Rick watched her go, his shoulder burning with pain. When she returned, she handed him a glass of water, then left him again while he took the glass with his good hand and sucked down most of the refreshing liquid. A minute later, she entered the room once more, a wet washcloth and a small plastic bag in her hands.

“Let’s check this out,” she said, kneeling by the sofa. “See what we need to do.” She squeezed water onto the wound from the washcloth and swabbed the dried blood away. Rick tried to watch but couldn’t bend around far enough to see, so he gritted his teeth and held as still as he could.

“Top of the shoulder blade,” she said. “Looks like it missed the bone though. That’s fortunate.”

Rick winced but didn’t cry out as she swabbed the wound. After she’d removed all the blood, Shannon opened the plastic bag, pulled out a bottle of pills, took off the top, and told Rick to stick out his tongue.

“What are those?” he asked, indicating the pills.

“The bottle said Percocet. My uncle had some kidney stones not too long ago.
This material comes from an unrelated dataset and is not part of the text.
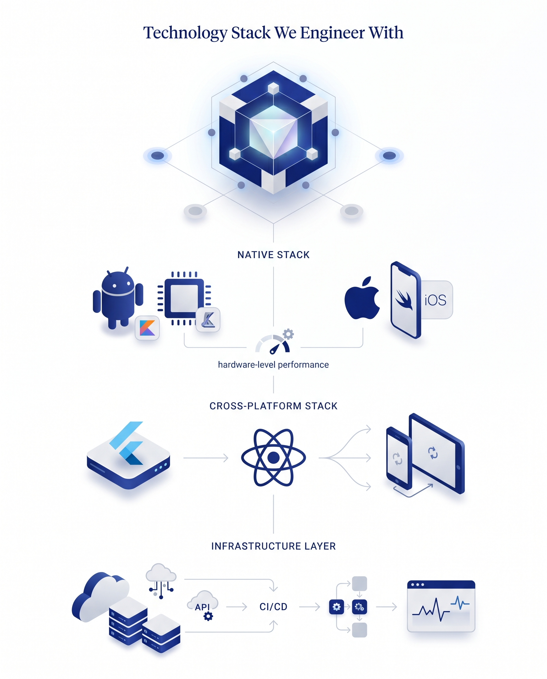Native engineering is ideal for high-performance fintech, healthcare, and IoT-driven systems.

You’re fortunate he left some here.”

Rick stuck out his tongue and she laid a pill on it, then gave him the last of his water and he swallowed.

“Good boy,” she said, opening a tube of ointment from the bag and applying a hefty glob to the wound. “This should help with infection for a while, but you’re going to need a doctor to dig that bullet out.”

Finished with the ointment, she lifted gauze and tape from the bag and dressed the wound. “There,” she said. “That’s the best we can do for now.”

She moved away and Rick closed his eyes and rested. When she came back, he looked up to see another washcloth in her hand. She knelt by the sofa again and started to wash his face, his neck, his chest. Rick relaxed and felt a little better, like he might actually live.

“Thank you,” he whispered as she finished.

“No problem. You stay still while I freshen up a little, then I’ll see what I can find to eat.”

Rick glanced around as she left—saw a sitting area with a brick fireplace, a sofa, three chairs, and a deer head over the mantle; nothing fancy. A couple minutes later, Shannon stepped back in and handed him a bottle of water and a stack of saltine crackers covered with peanut butter.

“You need to rest for a couple of hours before we move again,” she said. “Let that blood coagulate, then we’ll set our course.”

Rick swallowed a huge gulp of water and turned slightly so he could see Shannon better. “We have a course to set?” he asked, biting from a cracker.

“You have no idea.” She took a chair across from him.

“You think Mabel is okay?” he asked as his pain eased a touch.

Shannon nodded. “She’s a tough lady. She’ll call a lawyer, stall a while, then tell them what they want. Like she said, we’ll be long gone by the time anyone shows up here.”